Getting your hands-on earth data
| Author(s) |  | 
| Reviewers |  | 
OverviewQuestions:
Objectives:
What is the Earth System?
What type of data is available?
Requirements:
Learn about the Earth System terminology
Learn about the different source of earth data
Learn about earth observations, reanalysis, and visualisation
Time estimation: 1 hourSupporting Materials:Published: Oct 4, 2024Last modification: May 10, 2025License: Tutorial Content is licensed under Creative Commons Attribution 4.0 International License. The GTN Framework is licensed under MITpurl PURL: https://gxy.io/GTN:T00457version Revision: 2
This tutotrial aims at familiarzing you with Earth Science and discovering the earth data available on Galaxy. The target audience is not a scientist but anyone interested in learning about Earth system.

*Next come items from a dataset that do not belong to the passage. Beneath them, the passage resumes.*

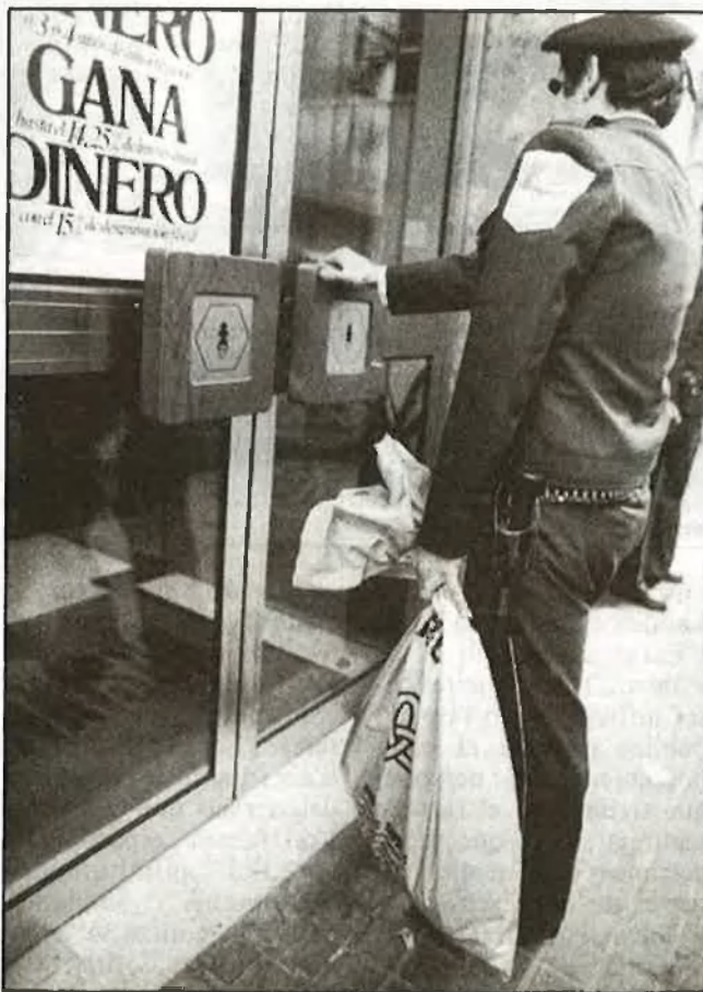
L'ofici de transportar bitllets és una professió arriscada / Francesc i Casar

Contracte d'arrendament pel qual l'empresa Euroblins custodiarà Nuevo Centro durant l'any 1984
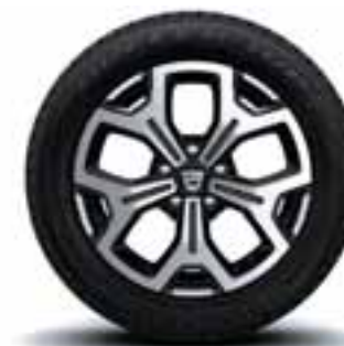
NAPLATCI 17" MALDIVES
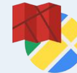
Static Maps API
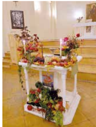
Санкт-Петербург (церковь св. Екатерины)
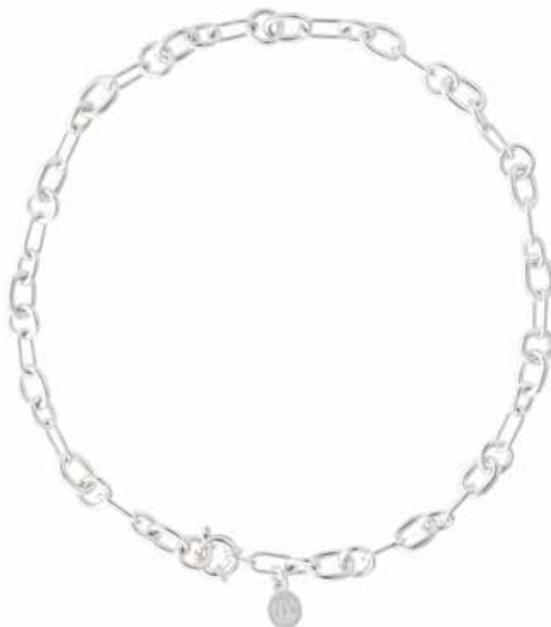
Collier chaîne Chain necklace

AgendaIn this tutorial, we will cover:
🌍🌏🌎
The Earth System is a complex and dynamic system that encompasses the interactions between the atmosphere, hydrosphere, geoshpere, and biosphere. Understanding and analyzing data from the Earth System Model is essential, for example to predict and mitigate the impacts of climate change. Currently, Galaxy Earth System uses 4 usecases to have an overview of an earth System: ocean, land, atmosphere, and biodiversity. Of course, these components cross over each other thus, we have data that can fit two or more compartiments.
Next we will see for each compartiment which kind of data (and how to get them) are availabe on Galaxy Earth System
🌊 Ocean 🌊
The ocean is a key component of the Earth’s climate system. Thus, it needs continuous real-time monitoring to help scientists better understand its dynamics and predict its evolution.
The Argo program
All around the world, oceanographers have managed to join their efforts and set up a Global Ocean Observing System among which Argo is a key component. Argo is an international program that collects information from inside the ocean using a fleet of robotic instruments that drift with the ocean currents and move up and down between the surface and a mid-water level.
The data available here are from the Argo gliders network. They contain the folowing variables:
- latitude, longitude, and time
- physcical parameters: water temperature, pressure, and salinity
- biogeochemical parameters: chlorophyll, oxygen, and nitrate
To access those data you can use the ( Argo data access ( Galaxy version 0.1.15+galaxy0))tool.
For more information follow the tutorial related to it called Analyse Argo data or use the workflow Full Analyse Argo data https://earth-system.usegalaxy.eu/u/marie.josse/w/full-analyse-argo-data
Copernicus Data Space Ecosystem
The Copernicus Data Space Ecosystem provides access to Earth observation data. The goal of the Sentinel-3 mission is to accurately and reliably measure sea surface topography, sea and land surface temperature, and ocean and land surface color. This data will support ocean forecasting systems, environmental monitoring, and climate monitoring.
To access those data you can use the Copernicus Data Space Ecosystem tool.
For more information follow the tutorial related to it called Sentinel 5P data visualisation.
Once you get into the Jupyterlab go in the left pannel in samples > openeo > Sentinel_3.ipynb . Yhis way you have an example on how to get Sentinel 3 data.
EMODnet Chemistry
EMODnet Chemistry provides easy access to marine chemical data, standardised, harmonised and validated data collections and data products for visualisation. These are relevant for the European marine environmental policies to assess the status and trends of ecosystems. Numerous substances are considered, most of which are invisible to the naked eye and are monitored using specialised sensors or laboratory analyses. This evidence-based information supports action against environmental changes that pose a threat to marine ecosystems and human health.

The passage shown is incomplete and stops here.